Before measuring your site's user engagement levels, always check your specific industry standards. This will help you compare your site's performance, track progress, and flag if any issues need to be addressed. An excellent place to start is Google Analytics, which lets you compare your site's bounce rate and other performance data against more than 1,600 different industry categories.
Don't misinterpret bounce rates.
Bounce rates are useful, but they must be understood in context. For example, if a user visits just one page of your website and leaves, you might think your content isn't engaging enough. But this takeout can be misleading if the page they visited contains long-form content, and they actually stay on your site for several minutes or longer. In this case, you may find a better and more insightful metric to use is scroll depth.

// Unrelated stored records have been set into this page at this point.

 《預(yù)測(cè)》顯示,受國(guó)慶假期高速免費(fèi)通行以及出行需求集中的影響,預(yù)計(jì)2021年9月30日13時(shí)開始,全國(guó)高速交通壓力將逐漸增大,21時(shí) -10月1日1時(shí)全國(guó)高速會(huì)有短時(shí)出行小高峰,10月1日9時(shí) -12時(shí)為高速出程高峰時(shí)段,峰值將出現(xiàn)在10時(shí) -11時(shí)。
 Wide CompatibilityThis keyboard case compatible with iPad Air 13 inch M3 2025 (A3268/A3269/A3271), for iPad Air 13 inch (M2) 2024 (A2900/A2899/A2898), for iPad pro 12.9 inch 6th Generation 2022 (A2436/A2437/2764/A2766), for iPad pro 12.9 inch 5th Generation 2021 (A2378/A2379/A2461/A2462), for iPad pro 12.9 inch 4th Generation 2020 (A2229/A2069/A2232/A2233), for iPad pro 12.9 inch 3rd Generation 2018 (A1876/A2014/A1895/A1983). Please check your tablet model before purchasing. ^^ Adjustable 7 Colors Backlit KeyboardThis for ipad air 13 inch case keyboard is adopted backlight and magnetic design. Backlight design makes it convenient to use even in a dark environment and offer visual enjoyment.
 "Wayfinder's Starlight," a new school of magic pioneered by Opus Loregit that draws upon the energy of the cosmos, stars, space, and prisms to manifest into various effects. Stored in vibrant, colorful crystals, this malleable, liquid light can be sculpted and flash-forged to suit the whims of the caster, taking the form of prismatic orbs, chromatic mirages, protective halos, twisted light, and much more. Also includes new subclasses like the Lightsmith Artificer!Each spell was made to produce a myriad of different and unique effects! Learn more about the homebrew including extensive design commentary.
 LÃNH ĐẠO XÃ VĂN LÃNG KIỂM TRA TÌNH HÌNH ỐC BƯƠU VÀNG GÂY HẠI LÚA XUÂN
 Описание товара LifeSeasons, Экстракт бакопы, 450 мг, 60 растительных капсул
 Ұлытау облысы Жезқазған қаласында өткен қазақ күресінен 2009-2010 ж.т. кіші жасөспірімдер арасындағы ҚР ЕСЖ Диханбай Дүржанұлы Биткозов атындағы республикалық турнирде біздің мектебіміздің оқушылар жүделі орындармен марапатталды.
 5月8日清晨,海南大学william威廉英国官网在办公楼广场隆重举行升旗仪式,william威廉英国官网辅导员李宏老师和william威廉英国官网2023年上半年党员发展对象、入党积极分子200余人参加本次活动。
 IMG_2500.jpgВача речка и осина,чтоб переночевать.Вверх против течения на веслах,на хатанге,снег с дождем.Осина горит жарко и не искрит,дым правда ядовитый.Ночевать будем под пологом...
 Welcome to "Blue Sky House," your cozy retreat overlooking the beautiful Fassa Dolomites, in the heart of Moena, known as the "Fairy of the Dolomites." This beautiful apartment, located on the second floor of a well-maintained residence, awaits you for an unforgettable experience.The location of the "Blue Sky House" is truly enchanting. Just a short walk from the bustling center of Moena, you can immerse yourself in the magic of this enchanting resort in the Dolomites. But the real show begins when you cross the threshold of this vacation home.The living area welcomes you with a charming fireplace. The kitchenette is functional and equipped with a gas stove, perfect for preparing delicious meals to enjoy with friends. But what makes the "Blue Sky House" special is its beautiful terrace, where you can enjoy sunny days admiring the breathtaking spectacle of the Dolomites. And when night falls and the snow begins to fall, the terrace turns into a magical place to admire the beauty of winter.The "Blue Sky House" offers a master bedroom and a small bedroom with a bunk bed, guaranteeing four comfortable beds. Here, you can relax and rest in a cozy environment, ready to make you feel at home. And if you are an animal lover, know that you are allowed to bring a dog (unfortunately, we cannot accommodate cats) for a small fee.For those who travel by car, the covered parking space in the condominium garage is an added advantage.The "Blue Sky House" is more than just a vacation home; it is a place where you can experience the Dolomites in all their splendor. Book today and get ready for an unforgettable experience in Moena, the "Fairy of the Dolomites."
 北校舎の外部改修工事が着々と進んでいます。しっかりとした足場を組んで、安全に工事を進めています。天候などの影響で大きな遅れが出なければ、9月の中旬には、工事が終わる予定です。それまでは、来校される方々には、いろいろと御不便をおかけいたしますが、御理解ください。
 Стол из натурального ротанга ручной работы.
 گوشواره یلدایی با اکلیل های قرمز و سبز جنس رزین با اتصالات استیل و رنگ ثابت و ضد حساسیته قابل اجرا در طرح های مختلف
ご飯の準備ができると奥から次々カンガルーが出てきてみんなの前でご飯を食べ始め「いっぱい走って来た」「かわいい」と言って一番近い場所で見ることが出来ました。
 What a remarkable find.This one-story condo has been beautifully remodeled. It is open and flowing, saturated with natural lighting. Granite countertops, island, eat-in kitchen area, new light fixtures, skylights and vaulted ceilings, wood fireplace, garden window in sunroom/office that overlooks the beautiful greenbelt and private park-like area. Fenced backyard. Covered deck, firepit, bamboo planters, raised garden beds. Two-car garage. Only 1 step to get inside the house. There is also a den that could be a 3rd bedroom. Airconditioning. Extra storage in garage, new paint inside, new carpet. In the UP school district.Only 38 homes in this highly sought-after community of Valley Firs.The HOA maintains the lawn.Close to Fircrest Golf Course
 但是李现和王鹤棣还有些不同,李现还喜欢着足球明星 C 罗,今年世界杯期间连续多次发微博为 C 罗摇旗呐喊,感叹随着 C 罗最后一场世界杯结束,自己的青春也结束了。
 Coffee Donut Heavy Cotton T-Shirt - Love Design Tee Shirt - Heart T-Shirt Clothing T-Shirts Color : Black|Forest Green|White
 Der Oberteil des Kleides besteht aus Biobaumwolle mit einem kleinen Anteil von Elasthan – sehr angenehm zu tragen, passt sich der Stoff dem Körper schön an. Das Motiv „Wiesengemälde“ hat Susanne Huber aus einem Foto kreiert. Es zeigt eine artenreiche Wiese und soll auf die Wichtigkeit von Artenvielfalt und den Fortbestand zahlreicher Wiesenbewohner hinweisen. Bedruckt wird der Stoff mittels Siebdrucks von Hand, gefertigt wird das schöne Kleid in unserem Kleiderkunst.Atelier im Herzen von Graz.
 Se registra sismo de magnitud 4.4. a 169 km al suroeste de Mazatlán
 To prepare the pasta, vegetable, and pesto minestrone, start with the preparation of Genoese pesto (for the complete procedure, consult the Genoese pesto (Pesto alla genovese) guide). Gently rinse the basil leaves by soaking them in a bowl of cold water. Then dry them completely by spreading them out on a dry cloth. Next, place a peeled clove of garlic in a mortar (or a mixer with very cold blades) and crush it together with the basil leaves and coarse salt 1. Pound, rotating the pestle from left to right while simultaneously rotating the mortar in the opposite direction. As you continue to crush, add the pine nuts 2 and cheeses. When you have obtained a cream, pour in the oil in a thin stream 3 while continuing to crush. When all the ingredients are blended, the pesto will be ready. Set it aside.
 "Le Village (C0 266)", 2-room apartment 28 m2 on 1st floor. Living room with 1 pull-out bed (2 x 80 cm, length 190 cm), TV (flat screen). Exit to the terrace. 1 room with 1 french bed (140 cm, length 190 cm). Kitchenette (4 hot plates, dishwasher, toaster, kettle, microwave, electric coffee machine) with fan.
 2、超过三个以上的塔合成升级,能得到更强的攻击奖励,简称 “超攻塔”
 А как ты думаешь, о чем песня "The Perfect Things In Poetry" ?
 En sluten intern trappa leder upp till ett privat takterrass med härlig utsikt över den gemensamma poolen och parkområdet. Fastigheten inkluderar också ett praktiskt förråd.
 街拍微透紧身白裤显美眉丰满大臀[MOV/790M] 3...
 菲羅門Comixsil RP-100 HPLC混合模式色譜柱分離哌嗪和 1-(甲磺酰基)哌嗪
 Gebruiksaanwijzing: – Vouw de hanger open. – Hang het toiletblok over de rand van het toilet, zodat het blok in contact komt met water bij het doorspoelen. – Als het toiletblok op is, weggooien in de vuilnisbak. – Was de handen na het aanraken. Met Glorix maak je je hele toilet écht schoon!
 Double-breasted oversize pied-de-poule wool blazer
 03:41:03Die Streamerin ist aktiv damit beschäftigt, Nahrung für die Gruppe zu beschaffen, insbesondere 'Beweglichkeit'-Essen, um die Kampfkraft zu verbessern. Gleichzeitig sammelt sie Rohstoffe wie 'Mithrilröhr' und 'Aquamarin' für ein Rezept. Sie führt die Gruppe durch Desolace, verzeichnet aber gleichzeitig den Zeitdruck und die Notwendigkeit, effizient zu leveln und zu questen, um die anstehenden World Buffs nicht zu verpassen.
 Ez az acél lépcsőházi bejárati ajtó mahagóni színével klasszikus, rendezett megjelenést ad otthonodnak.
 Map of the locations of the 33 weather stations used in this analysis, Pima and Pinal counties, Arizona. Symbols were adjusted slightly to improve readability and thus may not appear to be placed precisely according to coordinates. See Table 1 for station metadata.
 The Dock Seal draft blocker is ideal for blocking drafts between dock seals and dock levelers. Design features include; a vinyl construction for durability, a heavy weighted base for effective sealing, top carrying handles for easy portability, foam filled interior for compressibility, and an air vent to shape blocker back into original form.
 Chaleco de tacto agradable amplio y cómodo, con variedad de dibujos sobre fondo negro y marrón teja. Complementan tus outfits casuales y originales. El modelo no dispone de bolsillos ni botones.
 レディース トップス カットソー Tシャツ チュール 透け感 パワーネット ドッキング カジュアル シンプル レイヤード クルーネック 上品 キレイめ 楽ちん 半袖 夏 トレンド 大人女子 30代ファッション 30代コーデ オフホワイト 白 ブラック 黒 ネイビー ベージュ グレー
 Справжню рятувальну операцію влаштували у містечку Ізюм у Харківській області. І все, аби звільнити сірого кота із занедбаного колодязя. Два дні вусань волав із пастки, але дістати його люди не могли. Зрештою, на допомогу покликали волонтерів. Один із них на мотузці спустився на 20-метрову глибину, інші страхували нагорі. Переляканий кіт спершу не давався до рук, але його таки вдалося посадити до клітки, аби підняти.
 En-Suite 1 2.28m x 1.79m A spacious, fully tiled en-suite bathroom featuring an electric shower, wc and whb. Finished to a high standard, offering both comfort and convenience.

Be careful with time on page metrics
As with bounce rate, time on the page can be a little misleading.
Imagine this scenario. A user lands on your homepage, and your analytics tool notes the time (for example) 11:05am. The same user stays there for a minute, then clicks through to another page on your site. Again, your analytics tool notes the time as 11:06 AM. After being there for a full five minutes, the user then exits your site entirely – affecting their time on site by a total of six minutes.
But the problem is that almost every analytics tool records the total time on site as a total of only one minute. Why is this? This is because these tools can only 'talk' to your own pages, not pages on other websites. So when a user visits another site, that new website won't send you back a timestamp to calculate the time spent on the last page. As far as the analytics tool is concerned, the user stayed on your homepage for a minute, then left.
Try not to overmeasure.
Deciding to improve user engagement levels is certainly a positive step, but it's important not to try and measure too many metrics at once. It's far better to identify the single metric that has a positive impact on your revenue - whether it's time on site, shares, etc. - than focus on defining the benchmark and developing tests that measure what you want. Forward the results.
What is a nice way to boom personal engagement to your website?
1. Streamline your web page's navigation. ...
2. Improve your linking shape. ...
3. Prolong your text. ...
4. Split your content material. ...
5. Display related content. ...
6. Add a talk field. ...
7. Be cellular friendly. ...
8. Be clear approximately what you assume.